16. The engineered multiple localization tag of claim 15, wherein the chloroplast localization signal comprises a nucleic acid sequence selected from the group consisting of: a nucleic acid sequence encoding CTPa (SEQ ID NO:1) or a polypeptide having at least 90% identity to CTPa; a nucleic acid sequence of SEQ ID NO:14 or a sequence having at least 90% identity to SEQ ID NO:14; a nucleic acid sequence encoding CTPb (SEQ ID NO:6) or a polypeptide having at least 90% identity to CTPb; the nucleic acid sequence of SEQ ID NO:15 or a sequence having at least 90% identity to SEQ ID NO:15.

17. (canceled)

18. (canceled)

19. (canceled)

20. The engineered multiple localization tag of claim 15, wherein the peroxisome localization signal comprises a nucleic acid sequence selected from the group consisting of: a nucleic acid sequence encoding PTS2 (SEQ ID NO:2) or a polypeptide having at least 90% identity to PTS2; the nucleic acid sequence of SEQ ID NO:16 or a polypeptide having at least 90% identity to SEQ ID NO:16; the nucleic acid sequence of SEQ ID NO: 5; and the nucleic acid sequence of SEQ ID NO:17 or a sequence having at least 90% identity to SEQ ID NO:17.

21. (canceled)

22. (canceled)

23. (canceled)

24. The engineered multiple localization tag of claim 1, comprising the nucleic acid sequence encoding a polypeptide of any of SEQ ID NOs:3 and 21-23 or a polypeptide having at least 90% identity to any of SEQ ID NOs:3 and 21-23.

25. The engineered multiple localization tag of claim 24, comprising the nucleic acid sequence of SEQ ID NO:18 or a sequence having at least 90% identity to SEQ ID NO:18.

26. The engineered multiple localization tag of claim 1, comprising the sequence of any of SEQ ID NOs:4 and 24-26 or a sequence having at least 90% identity to any of SEQ ID NOs:4 and 24-26.

27. The engineered multiple localization tag of claim 26, comprising the nucleic acid sequence of SEQ ID NO:19 or a sequence having at least 90% identity to SEQ ID NO:19.

28. The engineered multiple localization tag of claim 1, wherein a first localization signal is comprised within a second localization signal.

29. The engineered multiple localization tag of claim 28, wherein the first localization signal is substituted for the amino acids equivalent to residues 37 to 46 of SEQ ID NO: 6.

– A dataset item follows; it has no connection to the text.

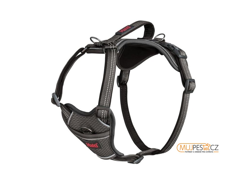 Halti Anatomy Harness je pohodlný a bezpečný postroj pro dospělé psy konstruovaný s respektem k jejich anatomii. Při jeho vývoji byly zohledněny výsledky vědeckých studií vlivu omezujících prostředků na psí zdraví. Jde o vysoce komfortní postroj vhodný jak pro běžné venčení, tak pro náročnější aktivity. Psovi zajišťuje naprostou volnost pohybu při chůzi i v běhu, žádným způsobem neomezuje pohyb ramen a rovnoměrně rozkládá tlak. Hrudní a zádový díl jsou vyklenuté, aby lépe kopírovaly psí tělo, a polstrované neoprenem pro větší pohodlí. Vodítko lze k postroji připnout na 3 místech: kroužek za krkem je ideální pro chůzi nebo pro připnutí psí známky, kroužek na zádech pro turistiku či běh a kroužek na hrudi pro regulaci tahání a skákání. Hřbetní rukojeť slouží k asistenci psovi nebo k jeho přidržení. Díky vysoce odrazivému prošití popruhů a lemování hrudního i zádového dílu je postroj reflexní ze všech stran a zvyšuje tak bezpečnost psa za zhoršené viditelnosti.

30. The engineered multiple localization tag of claim 29,

comprising a nucleic acid sequence selected from the group consisting of: a nucleic acid sequence encoding the sequence of SEQ ID NO:7 or encoding a sequence having at least 90% identity to SEQ ID NO:7; and the nucleic acid sequence of SEQ ID NO:20 or a sequence having at least 90% identity to SEQ ID NO:20.

31. (canceled)

32. A vector comprising the engineered multiple localization tag of claim 1.

33. (canceled)

34. (canceled)

35. An engineered cell or organism comprising the engineered multiple localization tag of claim 1.

36. A nucleic acid molecule having the sequence of, or encoding the polypeptide having the sequence of, any of SEQ ID NO: 28-87, or a sequence having at least 90% identity thereto.

37. A vector comprising the nucleic acid molecule of claim 36.

38. An engineered cell or organism comprising the nucleic acid molecule of claim 36.